The most common time-sensitive documents are:

  • Power of Attorney
  • Medical Directive
  • Quit Claim Deed
  • Beneficiary Deed or TOD Deed.


Often special circumstances require these documents to be executed very quickly. That is why our
office offers same-day delivery of these documents. If you need these documents quickly please call our office and not some paid form service. This is a unique service our law firm offers in recognition of the needs of the marketplace. We can draft these documents and e-mail them to you for notarization without the necessity of even making an office visit. Below is a detailed explanation of each document.

Power of Attorney

A power of attorney(POA) or letter of attorney is a written authorization to represent or act on another’s behalf in private affairs, business, or some other legal matter. The person authorizing the other to act is the principal, grantor, or donor (of the power). The one authorized to act is the agent or, in jurisdictions, the attorney-in-fact. Power of attorneys documents can be general or specific, durable or non-durable.

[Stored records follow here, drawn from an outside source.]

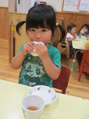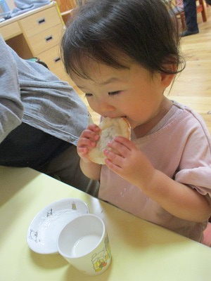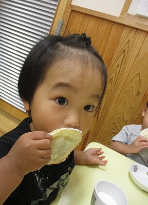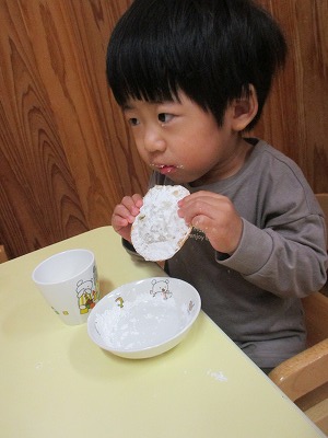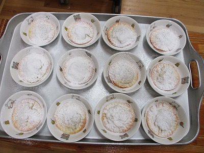 そして、お昼寝中に焼いてもらい、粉砂糖をふりかけておやつにいただきました。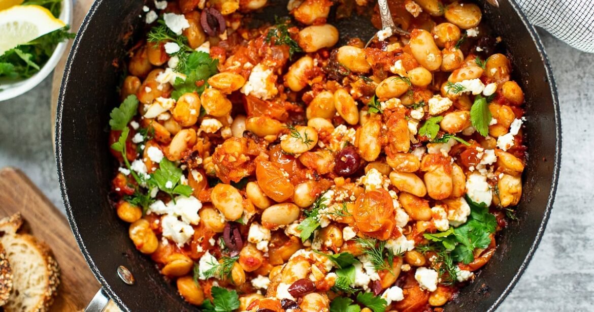 - Main ingredients: Butter beans, feta cheese (or goat cheese for vegan option), and Kalamata olives.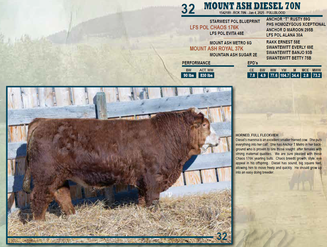 MOUNT ASH DIESEL 70N - HORNED, FULL FLECKVIEH
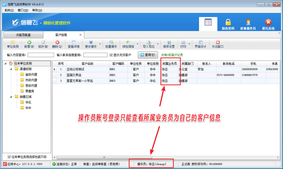 權限設置完成后,使用操作員賬號登錄軟件,在功能導航窗點擊“基礎資料”—》“客戶信息”打開客戶信息界面,可看到操作員賬號只能查看到業務員為自己的客戶信息,如下圖所示。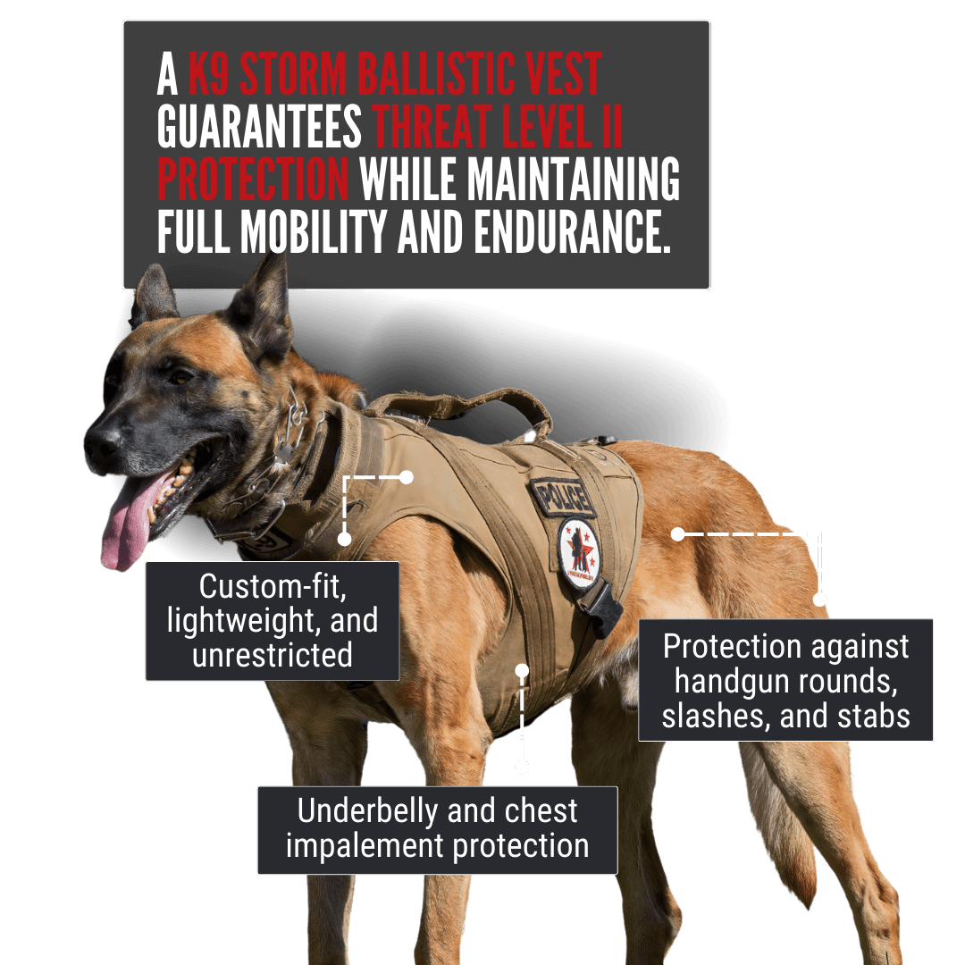 Currently, K9s are being deployed to provide critical, non-lethal support in high-risk, unpredictable situations. Yet, even without ballistic protection, they courageously track compromised buildings, navigate harsh environments, and apprehend armed suspects to keep their communities safe. They deserve the same protection as their human partners. With each day they train and work without a vest, the risk to their safety grows.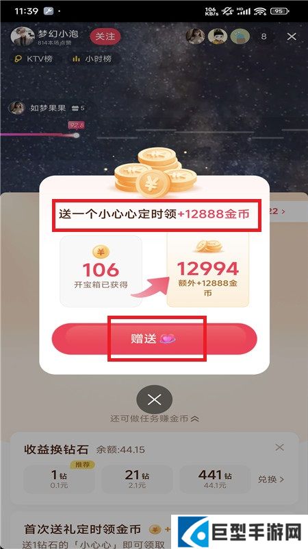 3、宝箱开启后,会弹出送一个小心心定时领多少金币的页面,可以点击下面的赠送,送主播一个小礼物即可获取大量金币;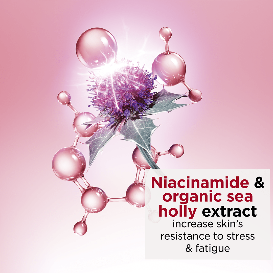 Skin Charger Complex: Níasínamíð og marþyrnir mynda öflugt dúó sem hjálpar til við að draga úr fyrstu sýnilegu öldrunarmerkjunum. Hindrunarvirkni húðarinnar styrkist, ljómi hennar endurvakinn og æskan varðveitt. Öflugt tetrapeptíð hjálpar húðinni að endurnýja sig yfir nótt. Kakósmjör stuðlar að þægindum fyrir húðina.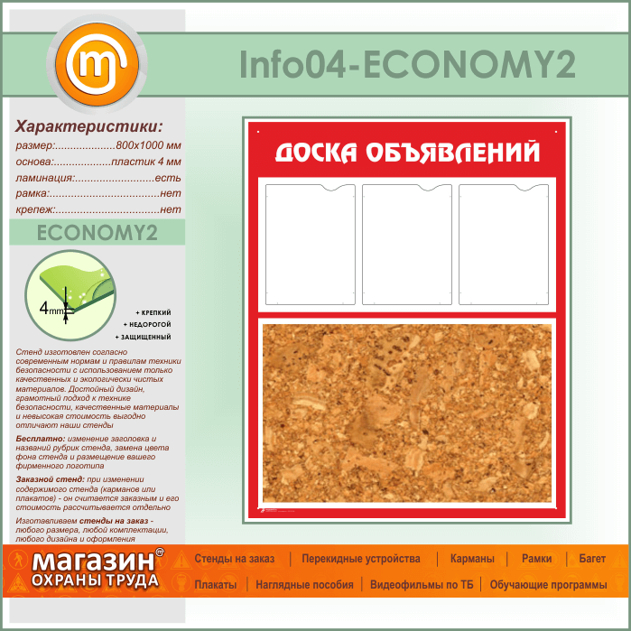 Стенд «Доска объявлений» с пробковым полотном и 3 карманами А4 формата (IN-04-ECONOMY2) в Уфе купить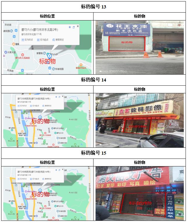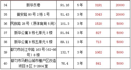 2、都勻市大十字三角巷、西苑小區(qū)、新汽車站對面、新華東巷、新華公寓、劍江中路、馬鞍山城市棚戶區(qū)、石惠公寓等10處房屋3年-5年租賃權,面積約13.27㎡-221.94㎡;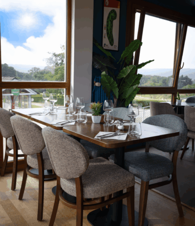 Golfeur ou visiteur, profitez de ce lieu convivial et chaleureux qui offre une vue incomparable sur le parcours et la forêt.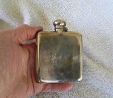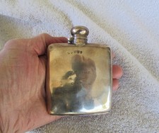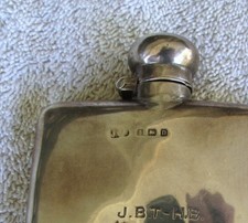 Vtg 4″x3″ 85 grams Sterling Silver Hip Whiskey Flask Engraved+Hallmark markings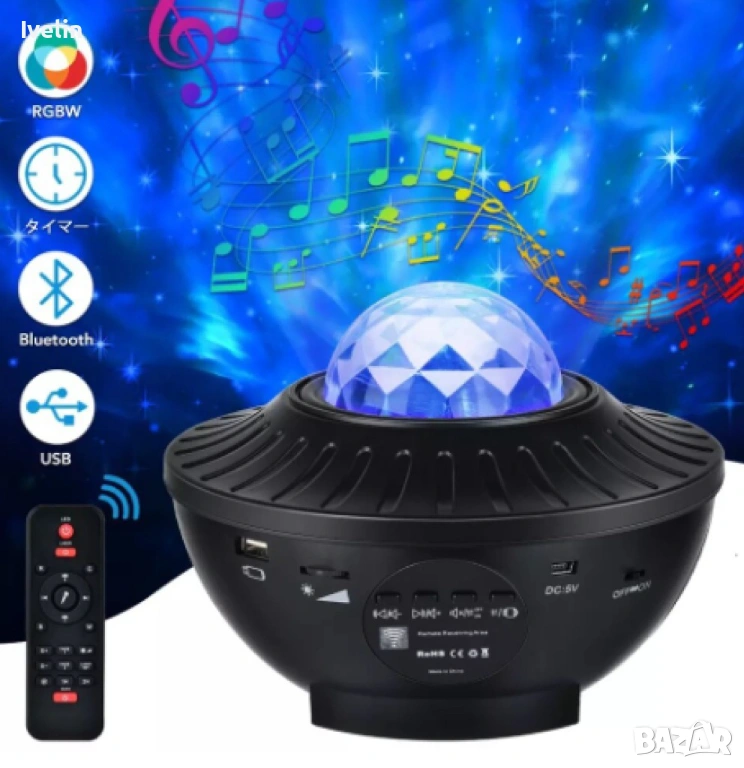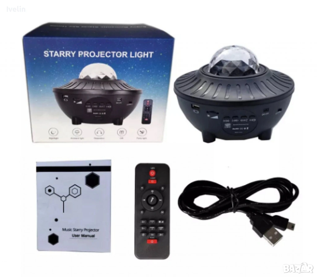 Тип продукт: Нощна светлина с Bluetooth управление и високоговорител; 21 фантастични режима на осветление; Цвят: Черен; Материал: ABS пластмаса, електронни компоненти; Функции: Bluetooth управление, дистанционно управление, високоговорител, 10 цвята, регулируема светлина, 360° ротация; Източник на захранване: Вградена акумулаторна батерия.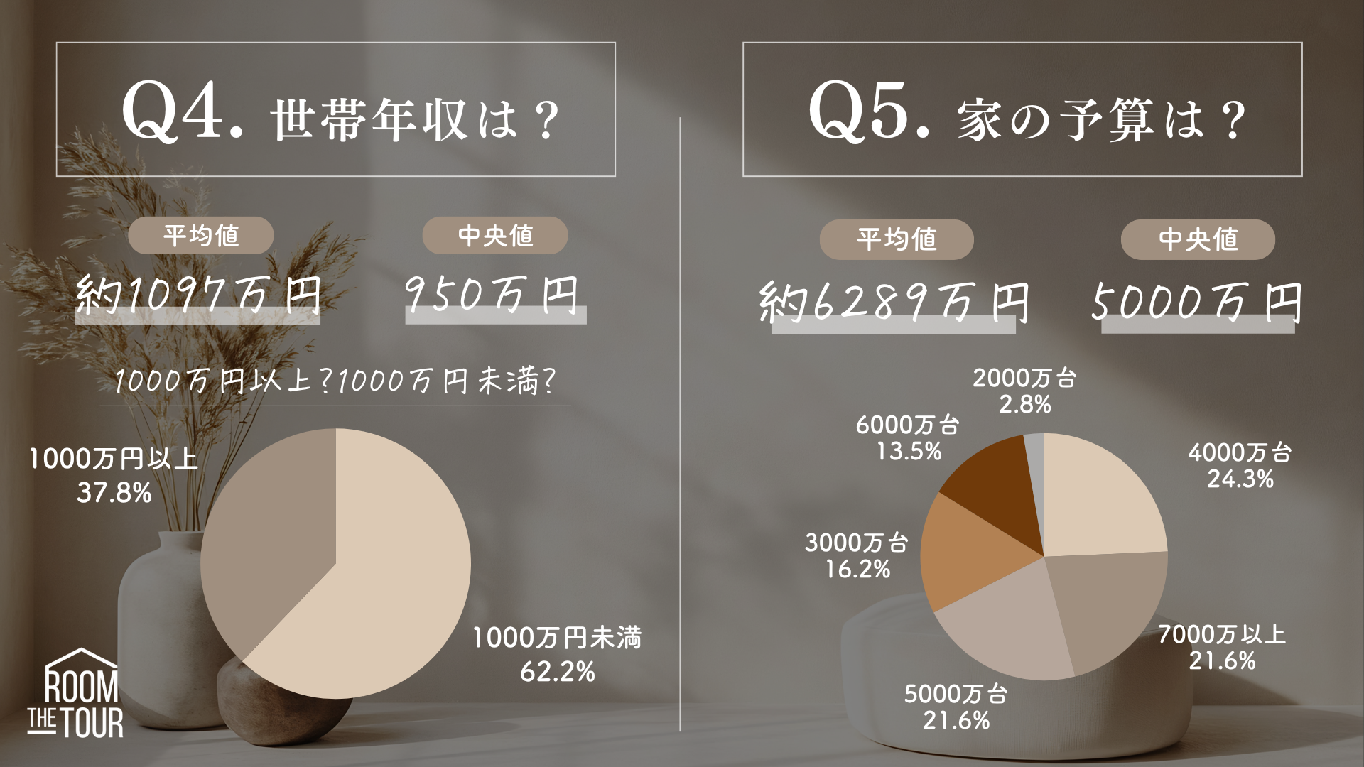 実際の回答には、「年収650万円で家の予算4,150万円(土地+建物+外構)」「年収1,200万円で予算5,000万円」「年収1,500万円で予算1億円」などリアルな声が寄せられました。

Health Care Medical Directive

In some jurisdictions, a durable power of attorney can also be a “health care power of attorney.” This particular affidavit gives the attorney-in-fact the authority to make healthcare decisions for the grantor, up to and including terminating care and life support. The grantor can typically modify or restrict the powers of the agent to make end-of-life decisions. In many jurisdictions a health care power of attorney is also referred to as a health care proxy and, as such, the two terms are sometimes used interchangeably.

Relationship with advance health care directive

Related to the health care power of attorney is a separate document known as an advanced health care directive, also called a “living will.” A living will is a written statement of a person’s health care and medical wishes but does not appoint another person to make health care decisions. Depending upon the jurisdiction, a health care power of attorney may or may not appear with an advance health care directive in a single, physical document. In some U.S. states and other jurisdictions, it is possible to grant a springing power of attorney; i.e., a power that takes effect only after the incapacity of the grantor or some other definite future act or circumstance. After such incapacitation, the power is identical to a durable power, but cannot be invoked before the incapacity. This power may be used to allow a spouse or family member to manage the grantor’s affairs in case illness or injury makes the grantor unable to act. If a springing power is used, the grantor should specify exactly how and when the power springs into effect.

Beneficiary Deed

A Beneficiary Deed or Transfer on Death Deed allows a person to make a deed while he is alive
conveying his real estate at some future date once a certain condition is met (death.) This is a
unique tool as it allows someone to pass property without going into probate. Unlike a Quit
Claim Deed or other present conveyance, the Beneficiary Deed is a present future conveyance and does not require the grantee’s signature if the person would like to cancel the deed (Perhaps he decides to sell his home instead.) or convey to someone else prior to his death. The person making the Beneficiary Deed can change his mind at any time before he dies. This is a very powerful tool to avoid probate and have the peace of mind of knowing exactly who the property is going to go upon death, but also provides complete control of ownership and over the decision of what with the property all the way until the date of death.

Quit Claim Deed

A Quit Claim Deed is a legal instrument that is used to transfer interest in real property The entity transferring its interest is called the grantor, and when the quitclaim deed is properly completed and executed, it transfers any interest the grantor has in the property to a recipient, called the grantee. The owner/grantor terminates (quits) any right and claim to the property, thereby allowing the right or claim to transfer to the recipient/grantee.

Unlike most other property deeds, a Quit Claim Deed contains no title covenant and thus offers the grantee no warranty as to the status of the property title; the grantee is entitled only to whatever interest the grantor actually possesses at the time the transfer occurs. This means that the grantor does not guarantee that he or she actually owns any interest in the property at the time of the transfer, or if he or she does own an interest, that the title is free and clear. It is, therefore, possible for a grantee to receive no actual interest, and because a quitclaim deed offers no warranty have no legal recourse to recover any losses. Further, if the grantor should acquire the property at a later date, the grantee is not entitled to take possession, because the grantee can only receive the interest the grantor held at the time the transfer occurred. In contrast, other deeds often used for real estate sales (called grant deeds or warranty deeds, depending on the jurisdiction) contain warranties from the grantor to the grantee that the title is clear or that the grantor has not placed any encumbrance against the title.

Because of this lack of warranty, quitclaim deeds are most often used to transfer property between family members, as gifts, placing personal property into a business entity (and vice versa) or in other special or unique circumstances. An example use for a quitclaim deed is in divorce, whereby one spouse terminates any interest in the jointly owned marital home, thereby granting the receiving spouse full rights to the property. For example, when one spouse acquires the marital home in a divorce settlement, the other spouse could execute a quitclaim deed eliminating their interest in the property and transferring the full claim to the other spouse, quickly and inexpensively.